En tout état de cause,

- faire interdiction à l'huissier de justice et l'expert en informatique de communiquer à la société Actua et à son conseil, tout élément découvert et emporté lors de la mesure de conservation de preuve du 11 septembre 2018,

- ordonner la restitution de l'intégralité des éléments enlevés ou copiés par l'huissier et l'expert en informatique, puis la destruction de ceux-ci dans tous leurs systèmes d'information,

- faire interdiction à la société Actua de faire référence ou d'utiliser de quelque manière que ce soit les éléments constatés ou saisis dans le cadre de l'exécution de l'ordonnance sur requête du 12 juillet 2018 (RG 18/234, Minute n°18/170), ainsi que l'attestation de Me [G] du 14 septembre 2018, sous astreinte de 10 000 euros par infraction constatée,

- condamner la société Actua à payer à chacune des appelantes une somme de 5 000 euros à titre de provision sur dommages intérêts pour procédure abusive,

- condamner la société Actua à payer à chacune des appelantes une somme de 3 000 euros au titre de l'article 700 du code de procédure civile,

- condamner la société Actua aux entiers frais et dépens de première instance et d'appel, y compris aux frais d'huissier et d'expert en informatique, ainsi qu'aux frais de procès-verbal de constat d'huissier

et ce, en invoquant, notamment :

- la saisine en rétractation du juge ayant rendu l'ordonnance, cette notion ayant un sens fonctionnel, et ce juge, peu important sa dénomination, n'ayant pas statué en tant que juge des référés 'ordinaire', l'arrêt de la Cour de cassation cité dans l'arrêt avant dire droit devant être interprété comme excluant simplement qu'une demande de rétractation soit présentée à titre reconventionnel dans une procédure ayant un autre objet, alors qu'il est, par ailleurs, de jurisprudence, que, l'intitulé de l'assignation saisit le juge ayant rendu l'ordonnance,

- l'insuffisance de la limitation des mesures ordonnées initialement,

- plus largement, le caractère, selon elles, excessif et général des mesures d'instructions, menées sans restriction ou garantie pour préserver ses droits, par l'huissier de justice, qui s'apparenteraient à un véritable audit commercial de la société Premio Tertiaire,

- l'absence de motif légitime,

- le défaut de circonstances propres à justifier une ordonnance non contradictoire,

- l'irrégularité des opérations de constat menées en exécution de l'ordonnance initiale,

- en conséquence de ce qui précède, un abus du droit d'agir en justice de la part de la partie adverse.

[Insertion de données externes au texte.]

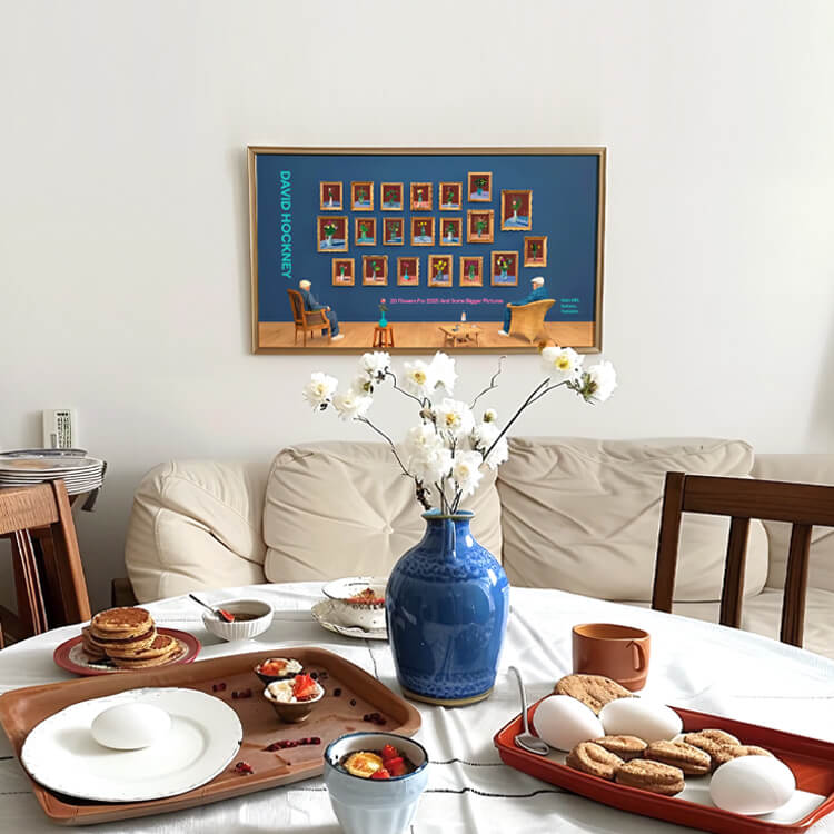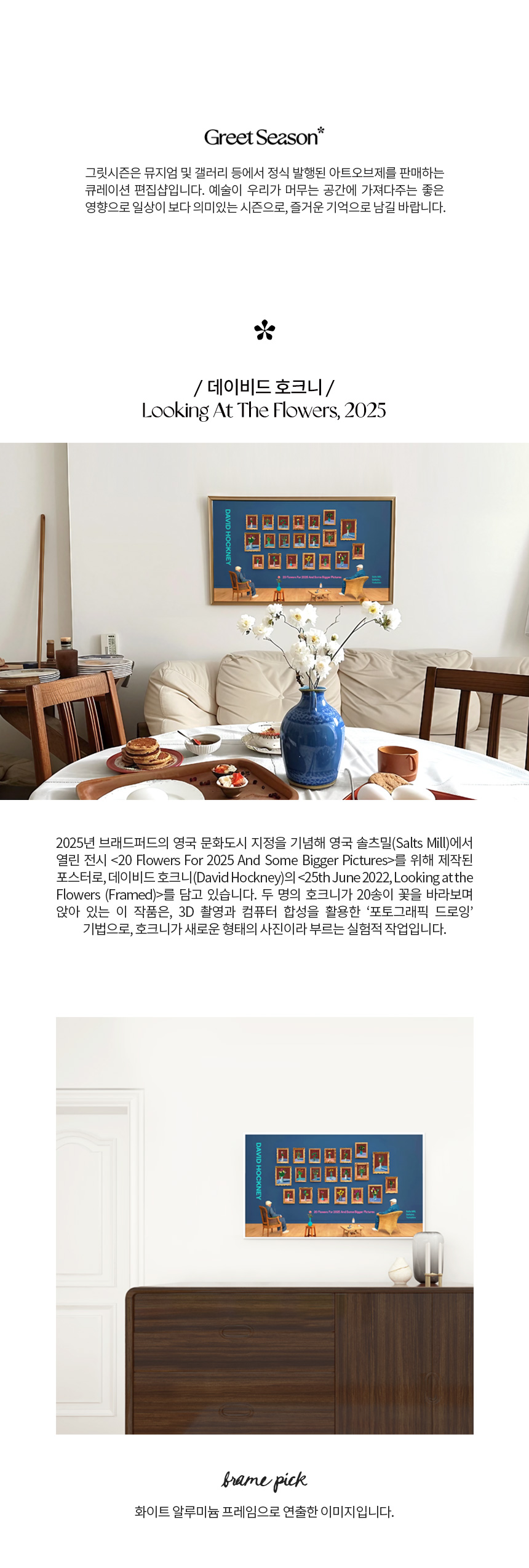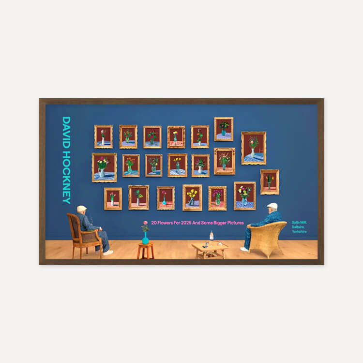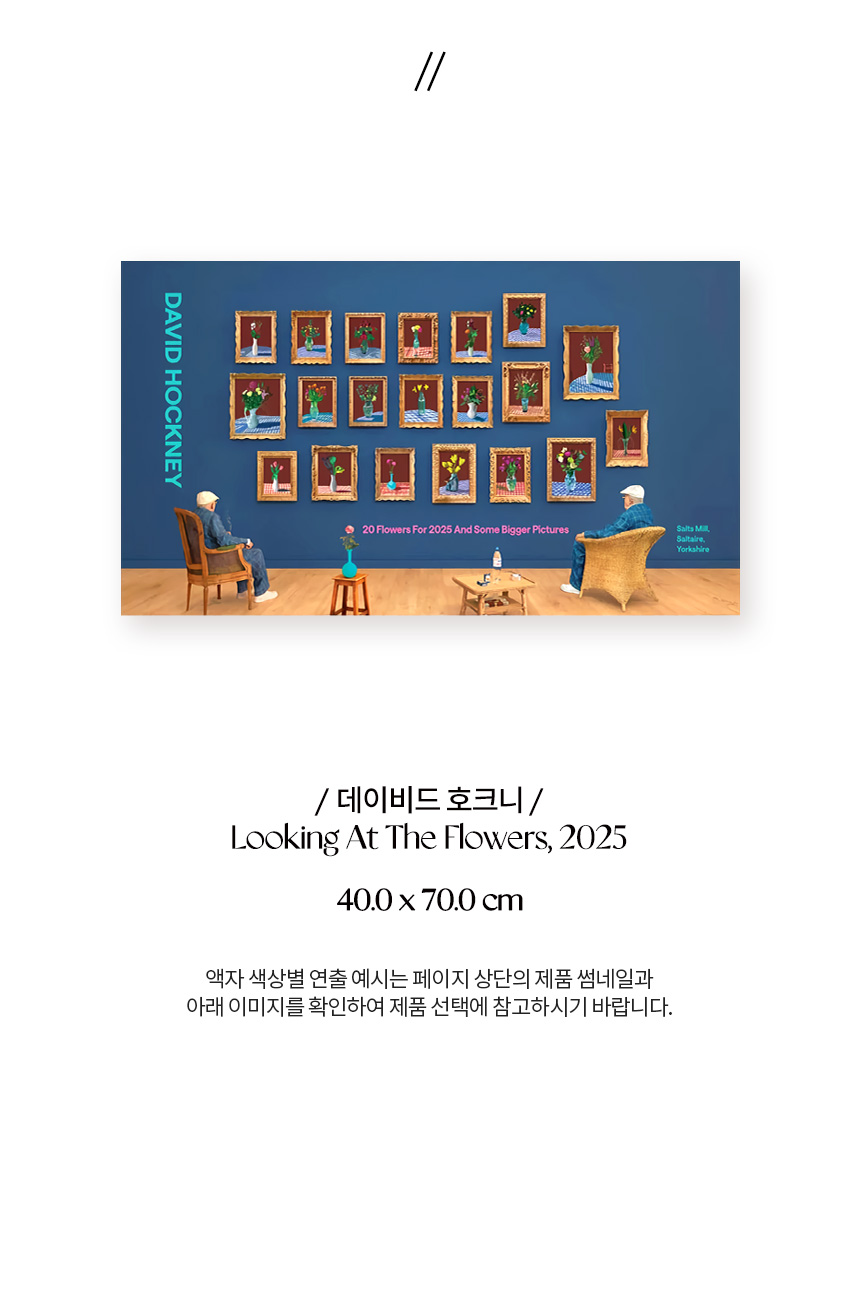 2025년 브래드퍼드의 영국 문화도시 지정을 기념해 영국 솔츠밀(Salts Mill)에서 열린 전시 〈20 Flowers For 2025 And Some Bigger Pictures〉를 위해 제작된 포스터로, 데이비드 호크니(David Hockney)의 〈25th June 2022, Looking at the Flowers (Framed)〉를 담고 있습니다. 두 명의 호크니가 20송이 꽃을 바라보며 앉아 있는 이 작품은, 3D 촬영과 컴퓨터 합성을 활용한 ‘포토그래픽 드로잉’ 기법으로, 호크니가 새로운 형태의 사진이라 부르는 실험적 작업입니다.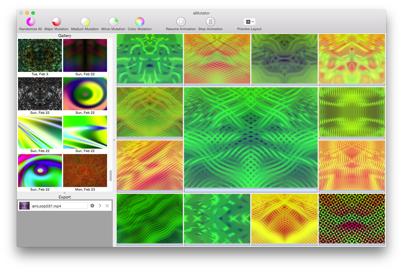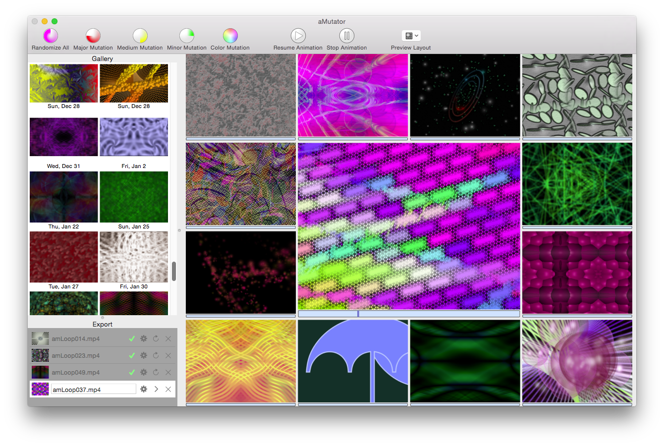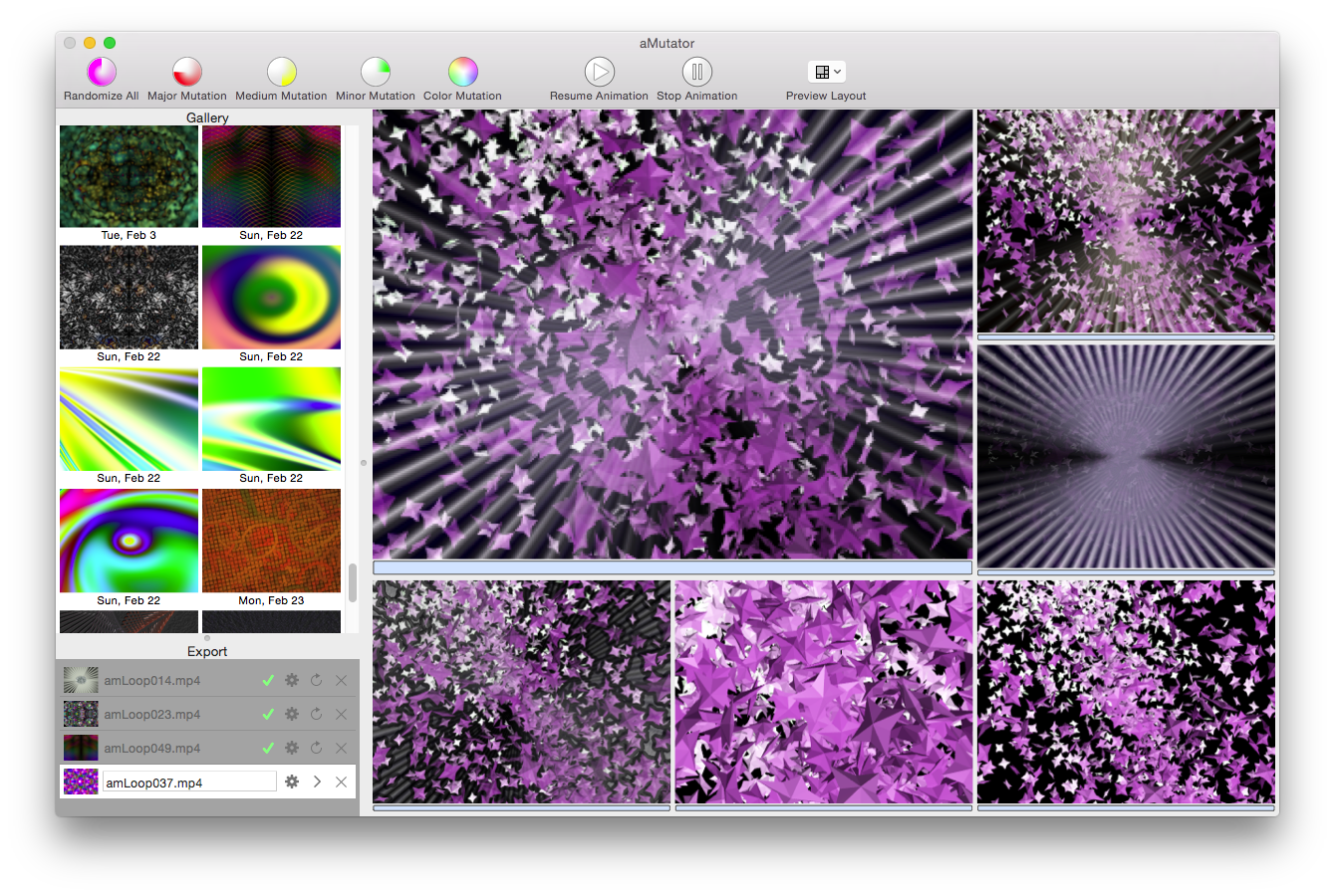 aMutator can generate video loops randomly, or can make variations (mutations) of selected video loop to help you find a desired variant.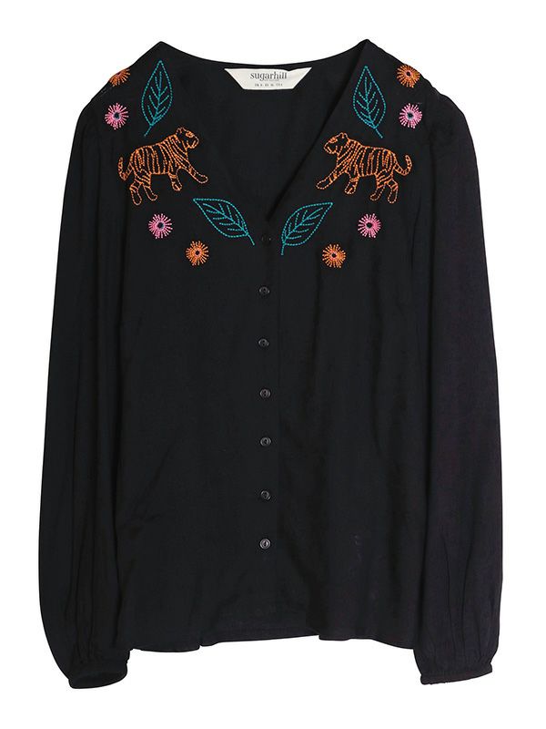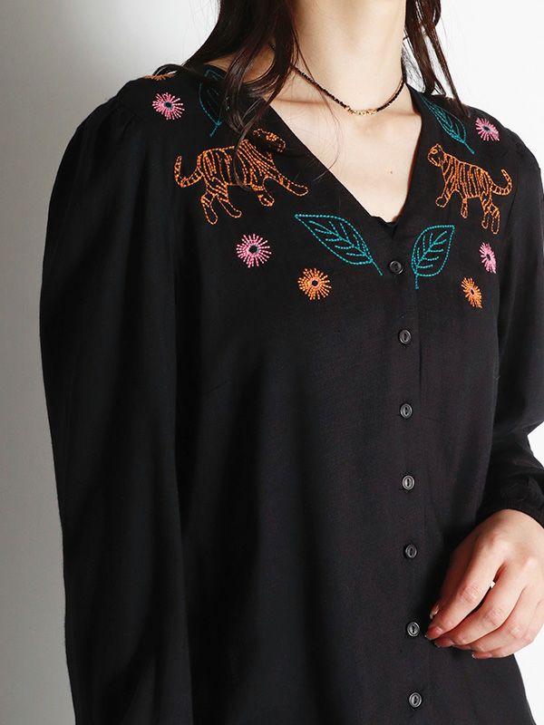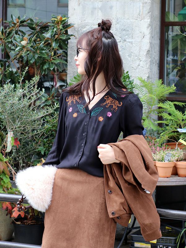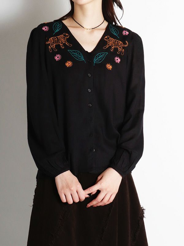 〈SUGARHILL(シュガーヒル)〉らしい刺繍が目を引くブラウス。ボタニカルとアニマル柄の刺繍が、胸元を華やかに彩ります。女性らしいVネックラインとゆるやかなパフスリーブが優雅なロマンティックムードを演出。バックにもタックを施しどこから見ても大人可愛いデザインです。インでもアウトでもバランスの良い着丈なのでデニムと合わせてデイリーに、スカートと合わせて上品にと、幅広い着こなしが楽しめます。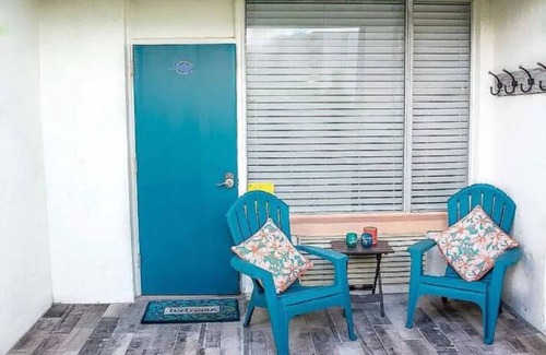 Our cozy 420 sq ft. condo is steps from the main pool deck and the stairs down to the sand on 'World’s Most Famous Beach'. It is perfect for couples or small families. As a 1st floor condo, it allows for easy loading/unloading of your belongings. Positioned just behind the oceanfront units, it offers a partial ocean view from a charming outdoor patio.
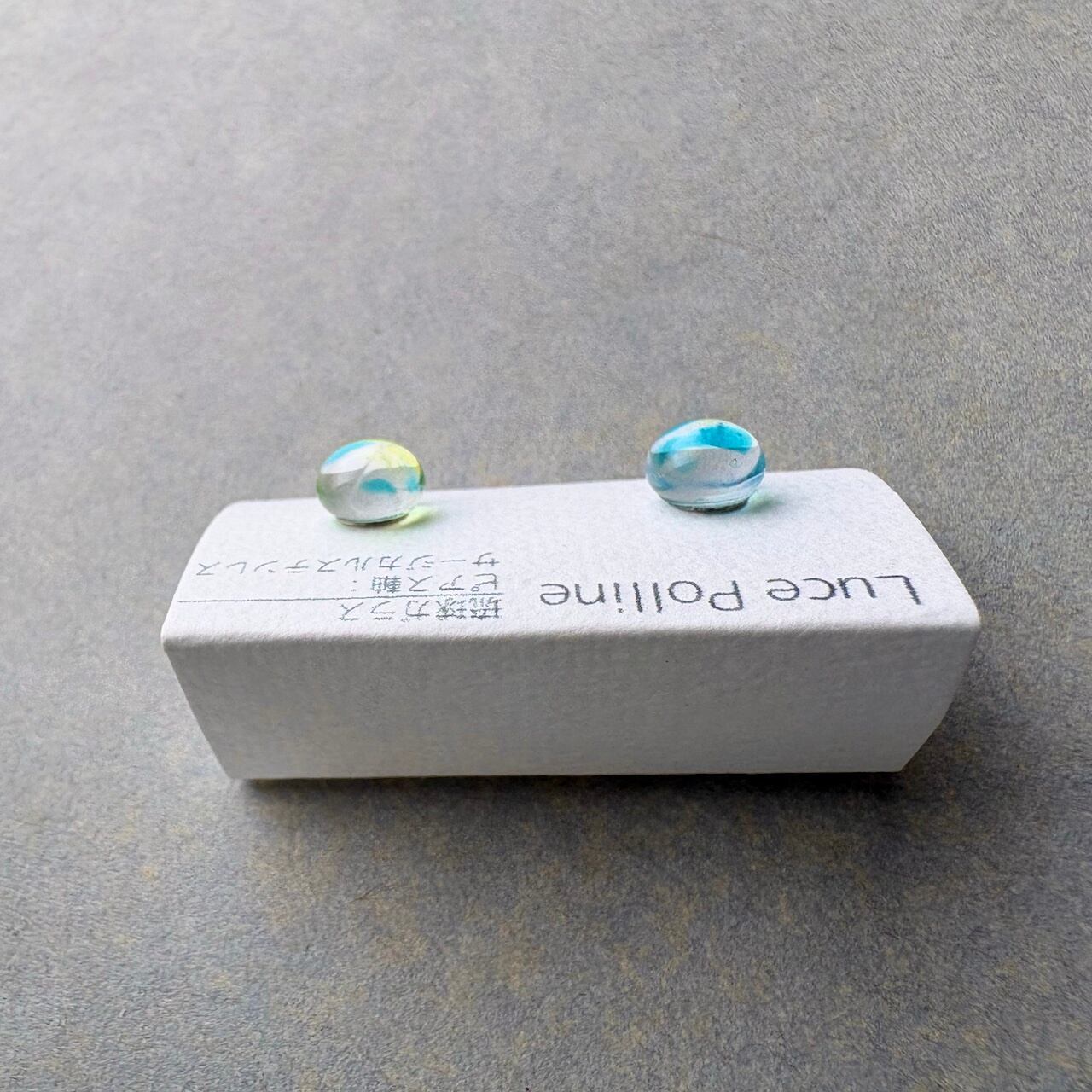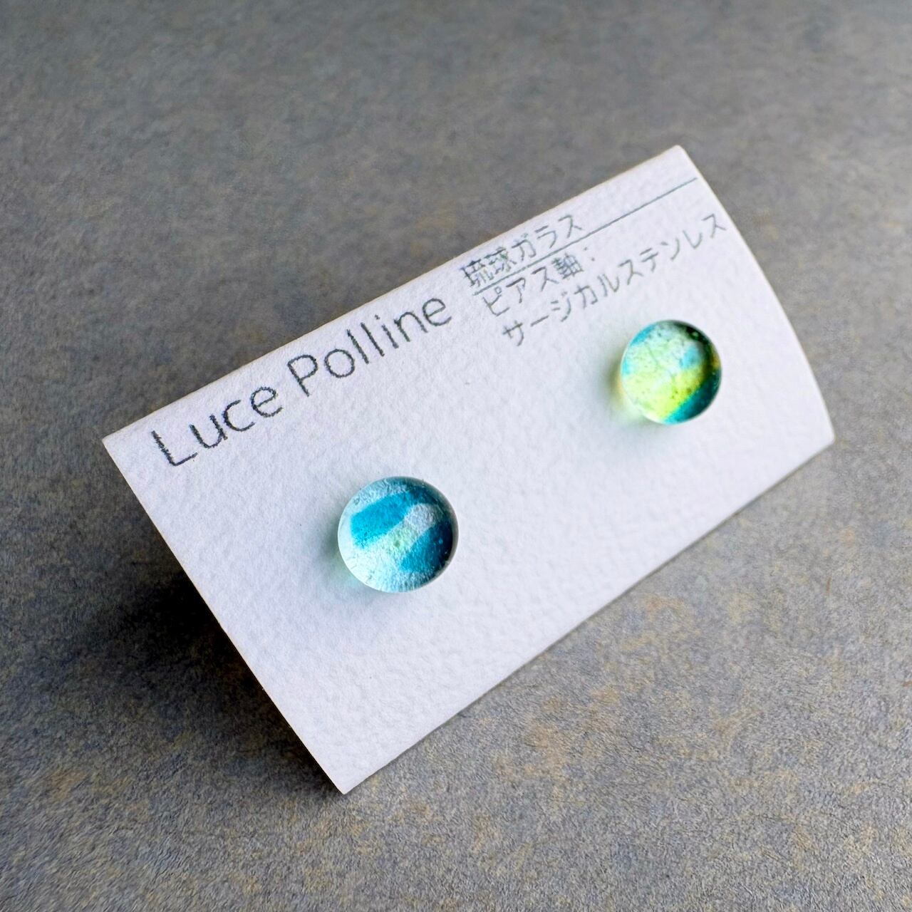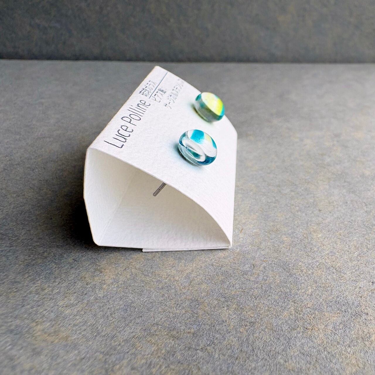 青と緑が踊るような琉球ガラスの粒をピアスに仕立てました。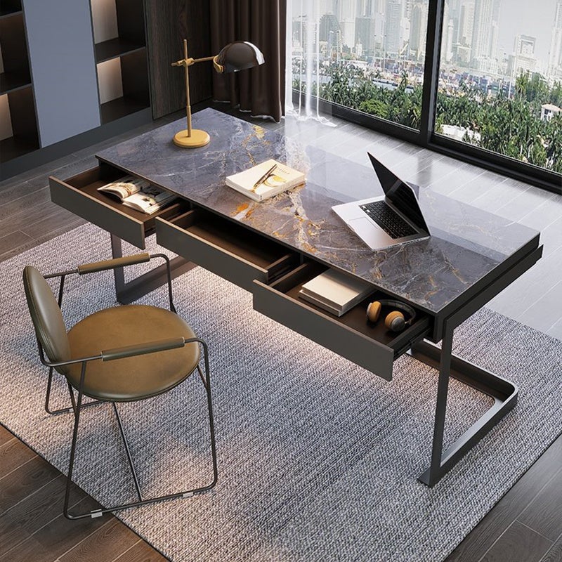 シンプルで贅沢なエレガンスが特徴のワークデスクです。上品なデザインと高級シントレードストーン素材が、モダンな作業空間を演出します。カーキ色と黒の組み合わせは、洗練された雰囲気を醸し出します。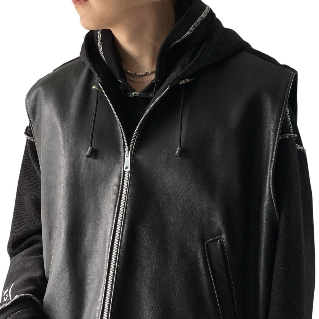 オールレザーのベストだと印象が強すぎるって人にもお勧めできる程よいモードさとカジュアル感◎
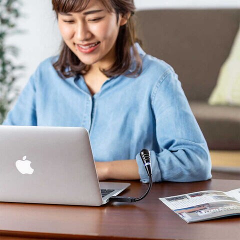 タッチ式ミュートボタン付きで音声チャットに最適なコンパクトUSBマイク。

Vu les dernières conclusions en date du 28 mars 2022, auxquelles est joint un bordereau de pièces récapitulatif qui n'a fait l'objet d'aucune contestation des parties, et par lesquelles la SAS Actua demande à la cour de :

- déclarer recevable la demande en rétractation formulée en première instance par les parties appelantes,

- déclarer l'appel mal fondé,

- déclarer les appelantes irrecevables, subsidiairement mal fondées en leurs fins et conclusions,

- confirmer la décision entreprise en toutes ses dispositions,

- débouter les appelantes de l'ensemble de leurs fins et conclusions,

Y ajoutant :

- condamner la société Premio Tertiaire, Mmes [J] et [C] au paiement d'une indemnité pour procédure abusive fixée à l'euro symbolique,

- les condamner aux dépens, incluant les frais d'huissier, de constat et d'expert en informatique, ainsi qu'au paiement d'une indemnité de procédure de 6 500 euros en application de l'article 700 du code de procédure civile,

et ce, en invoquant, notamment :

- la recevabilité de la demande en rétractation, dans la mesure où c'est le juge des référés civils, en sa qualité de juge des requêtes, qui a statué sur la demande en rétractation, s'agissant d'un magistrat agissant sur délégation du président du tribunal de grande instance, avec même une identité de personne, outre qu'il aurait été saisi en sa qualité de juge des requêtes, et non dans le cadre d'une procédure devant le juge des référés,

- l'absence de généralité de la mesure, précisant avoir réalisé une extraction ciblée et bornée dans le temps,

- l'existence d'un motif légitime, tiré d'un détournement de fichier et d'agissements constitutifs d'un démarchage actif caractérisant une forme de parasitisme,

- la justification du caractère non contradictoire de la procédure, au titre duquel elle estime avoir détaillé dans sa requête les raisons pour lesquelles elle le sollicitait, notamment au regard des méthodes utilisées par Mmes [J] et [C],

- la validité des opérations de constat et l'insuffisante valeur probante des éléments adverses tendant à la voir contester,

- l'absence de préjudice adverse, les parties appelantes ayant, au contraire, abusé de leur droit d'agir en interjetant appel et en soutenant que la mesure serait dépourvue de motif légitime alors qu'elles auraient sciemment dérobé les fichiers de la société Actua pour construire et développer leur nouvelle structure.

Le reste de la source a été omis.